> [Recorded information]
▼
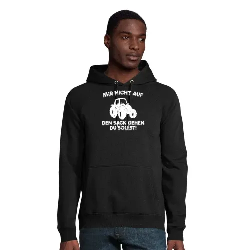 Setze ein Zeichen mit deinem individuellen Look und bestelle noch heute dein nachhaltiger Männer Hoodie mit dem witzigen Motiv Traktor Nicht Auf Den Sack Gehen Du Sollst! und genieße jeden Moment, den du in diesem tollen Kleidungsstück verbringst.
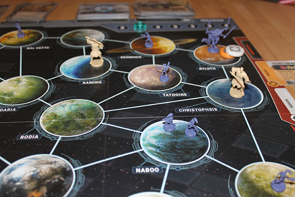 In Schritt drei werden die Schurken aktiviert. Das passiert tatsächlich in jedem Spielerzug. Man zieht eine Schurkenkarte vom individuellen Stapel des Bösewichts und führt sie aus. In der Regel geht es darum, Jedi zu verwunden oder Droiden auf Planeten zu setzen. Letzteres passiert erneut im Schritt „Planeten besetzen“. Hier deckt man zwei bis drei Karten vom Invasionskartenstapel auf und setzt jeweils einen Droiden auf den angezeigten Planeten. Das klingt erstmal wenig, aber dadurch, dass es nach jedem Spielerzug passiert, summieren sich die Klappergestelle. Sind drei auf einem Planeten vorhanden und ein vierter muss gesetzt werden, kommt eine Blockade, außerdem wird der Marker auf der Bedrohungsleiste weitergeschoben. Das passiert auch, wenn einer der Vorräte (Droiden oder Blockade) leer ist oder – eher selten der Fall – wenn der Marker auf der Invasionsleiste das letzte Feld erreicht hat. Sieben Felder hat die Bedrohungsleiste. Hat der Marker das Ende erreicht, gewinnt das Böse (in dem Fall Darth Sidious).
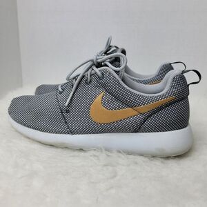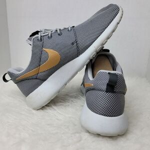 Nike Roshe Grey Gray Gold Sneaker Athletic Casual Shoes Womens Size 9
▲
▼
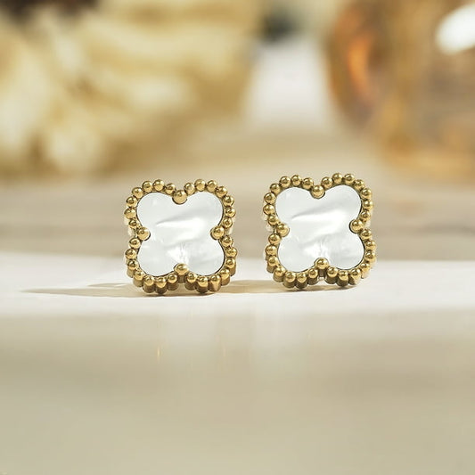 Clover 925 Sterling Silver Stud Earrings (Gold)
▲
▼
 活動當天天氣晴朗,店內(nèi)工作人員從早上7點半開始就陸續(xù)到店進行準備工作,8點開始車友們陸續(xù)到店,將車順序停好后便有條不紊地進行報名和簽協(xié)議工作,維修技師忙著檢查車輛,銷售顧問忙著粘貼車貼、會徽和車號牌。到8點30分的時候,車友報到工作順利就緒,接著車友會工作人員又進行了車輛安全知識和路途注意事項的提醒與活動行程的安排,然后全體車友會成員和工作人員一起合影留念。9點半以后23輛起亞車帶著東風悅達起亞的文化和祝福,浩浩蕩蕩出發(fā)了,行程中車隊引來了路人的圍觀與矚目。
▲
Beginning at the line above that contains "Setze ein Zeichen" and going on through the line that contains "Nike Roshe Grey", please copy every line exactly, leaving the pictures out and adding nothing.

 Setze ein Zeichen mit deinem individuellen Look und bestelle noch heute dein nachhaltiger Männer Hoodie mit dem witzigen Motiv Traktor Nicht Auf Den Sack Gehen Du Sollst! und genieße jeden Moment, den du in diesem tollen Kleidungsstück verbringst.
 In Schritt drei werden die Schurken aktiviert. Das passiert tatsächlich in jedem Spielerzug. Man zieht eine Schurkenkarte vom individuellen Stapel des Bösewichts und führt sie aus. In der Regel geht es darum, Jedi zu verwunden oder Droiden auf Planeten zu setzen. Letzteres passiert erneut im Schritt „Planeten besetzen“. Hier deckt man zwei bis drei Karten vom Invasionskartenstapel auf und setzt jeweils einen Droiden auf den angezeigten Planeten. Das klingt erstmal wenig, aber dadurch, dass es nach jedem Spielerzug passiert, summieren sich die Klappergestelle. Sind drei auf einem Planeten vorhanden und ein vierter muss gesetzt werden, kommt eine Blockade, außerdem wird der Marker auf der Bedrohungsleiste weitergeschoben. Das passiert auch, wenn einer der Vorräte (Droiden oder Blockade) leer ist oder – eher selten der Fall – wenn der Marker auf der Invasionsleiste das letzte Feld erreicht hat. Sieben Felder hat die Bedrohungsleiste. Hat der Marker das Ende erreicht, gewinnt das Böse (in dem Fall Darth Sidious).
 Nike Roshe Grey Gray Gold Sneaker Athletic Casual Shoes Womens Size 9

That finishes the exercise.